As Foreign Minister Lapid also caused significant damage to Israel’s critical relationships with Russia, China and Poland, though he claimed he dramatically improved Israel’s diplomatic standing. Just last week, he partnered with left-wing Culture Minister Chili Tropper to join Israel into the EU’s Cultural Program — a program that refuses participation of Israelis living in Judea, Samaria or the Golan Heights, effectively a form of anti-Israel BDS.
During a pandemic, Israel’s Health Minister found time to enact progressive reforms making it easier for women to get abortions, for same-sex couples to adopt children via surrogacy and to ease the process for gender-transition surgeries to be performed in Israeli hospitals.
Energy Minister and left-wing Labor Party member Karine Elharrar stopped Israeli exploration licenses for additional finds of off-shore natural gas due to Israel’s new commitment to pursue renewable energy. It was only several weeks ago, after Europe began scrambling to find new sources of natural gas since Russia’s invasion of Ukraine, that Elharrar announced exploration would resume.
‘Worst government in Israeli history’
Celebrating the announcement that the Knesset would be disbanded, Netanyahu said in a statement that “it is clear to everyone that the worst government in Israeli history has come to an end.” He noted that the announcement was preceded by a year of “determined struggle by the opposition in the Knesset and great suffering by the Israeli public.”
In its place, Netanyahu has pledged to form a “wide, national government headed by Likud.”
Despite Bennett and Lapid’s announcement that they intend to disband the parliament and take the nation to the polls for the fifth time in three-and-a-half years, Netanyahu may be able to form an alternative right-wing coalition within the existing parliament.
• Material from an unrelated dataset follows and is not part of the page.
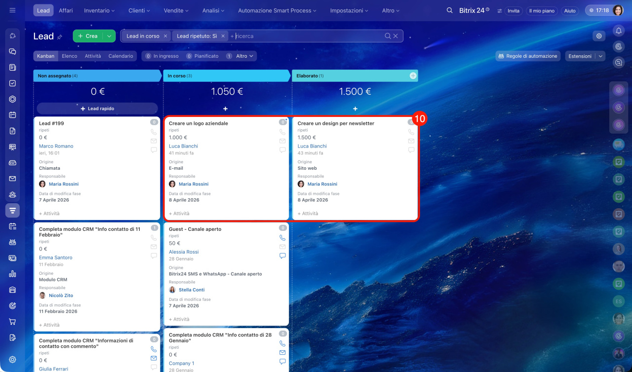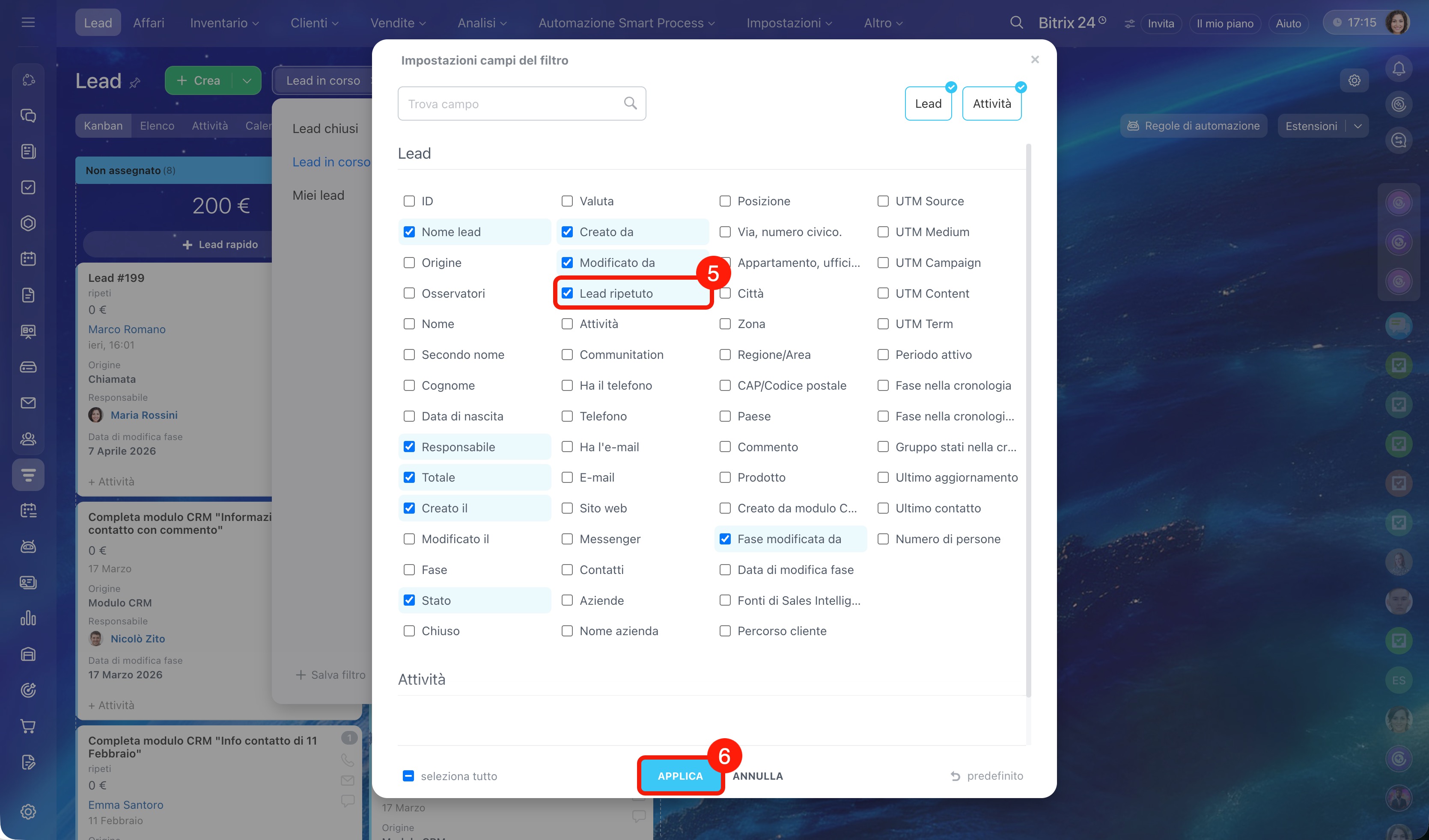 - I lead, le richieste e gli affari ripetuti possono essere trovati utilizzando i filtri nelle sezioni CRM > Lead oppure Affari.

He currently controls a strong bloc of 55 members. If he can convince six members of the current coalition to join, he can form a government and avert new elections.
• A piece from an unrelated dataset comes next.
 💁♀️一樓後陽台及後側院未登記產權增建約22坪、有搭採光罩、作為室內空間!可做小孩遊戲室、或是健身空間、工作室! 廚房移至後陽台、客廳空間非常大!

The possibility that Netanyahu might form an alternative coalition within the existing parliament and thus avoid a new election is strengthened by recent poll numbers showing that the right-wing six-member New Hope Party ,led by former Likud party stalwart and Netanyahu-challenger Sa’ar, would fail to pass the minimum Knesset threshold if new elections were to be held today. Bennett’s own right-wing Yamina Party is performing poorly in the polls, and there is a strong possibility that his party may implode before an election would be held.
Yamina members reportedly were not informed ahead of time of Bennett’s intention to disband the government, and several party members would gladly fulfill the promises they made to their voters and serve in a right-wing government.
By joining a Netanyahu-led government, Bennett, Sa’ar or even Gantz could help the nation avoid yet another election and receive high-ranking ministerial portfolios in the process.
A strong center-right government would fulfill the will of an electorate that’s tired of the polls and wants those elected to do their jobs without the politics. If not, Israel will head back to the polling stations to try to end the electoral deadlock themselves.
And while Israelis and onlookers around the world may scoff at Israel’s political dysfunction, at least the mandate is returning where it belongs: to the people — a sign of a robust democracy.
Alex Traiman is CEO and Jerusalem bureau chief of Jewish News Syndicate.